How to Build Enterprise‑Ready AI Monitoring with Spring AI and Micrometer
This article explains why observability is essential for Spring AI applications, outlines common cost‑control and performance challenges, and provides a step‑by‑step guide—including Maven setup, client configuration, service implementation, metric exposure, Zipkin tracing, and architecture insights—to create a fully observable, enterprise‑grade AI translation service.
In the era of explosive AI application growth, Spring AI 1.0 brings revolutionary observability features.
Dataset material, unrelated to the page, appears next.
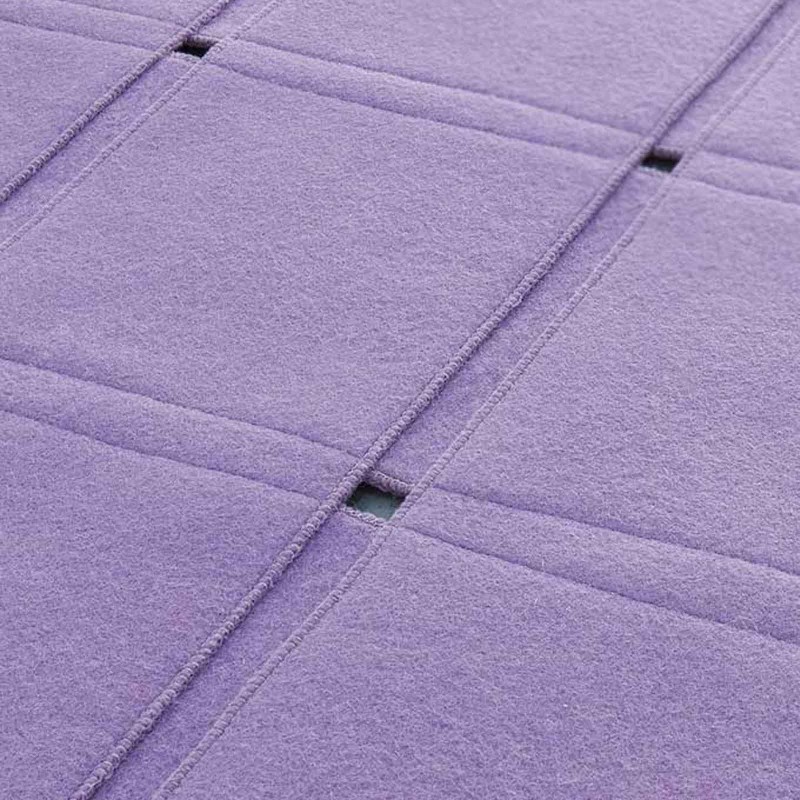 Net è il tappeto di Paola Lenti in feltro realizzato da una serie di elementi bordati a punto Pettine. Un reticolo tessile che lascia spazio a minuscoli vuoti in grado di dare movimento al disegno del tappeto, Net è formato infatti da strisce parallele sovrapposte in modo ortogonale. Prodotto solo con doppio strato di feltro. Tutte le cuciture sono eseguite tono su tono sul colore scelto.

This article explores how to use Spring AI + Micrometer to build an enterprise‑grade AI monitoring system for cost control, performance optimization, and end‑to‑end tracing.
Why Spring AI applications urgently need observability?
AI service cost‑control pain points
Token consumption opaque : Unable to precisely know the cost of each AI call.
Cost growth out of control : At large scale, AI service fees can grow exponentially.
Performance bottlenecks hard to locate : Complex AI call chains make troubleshooting difficult.
Resource usage unreasonable : Lack of data‑driven optimization decisions.
Value of Spring AI observability
Spring AI’s observability features provide perfect solutions to these pain points:
Precise token monitoring : Real‑time tracking of input/output token consumption per call.
Intelligent cost control : Formulate cost‑optimization strategies based on usage statistics.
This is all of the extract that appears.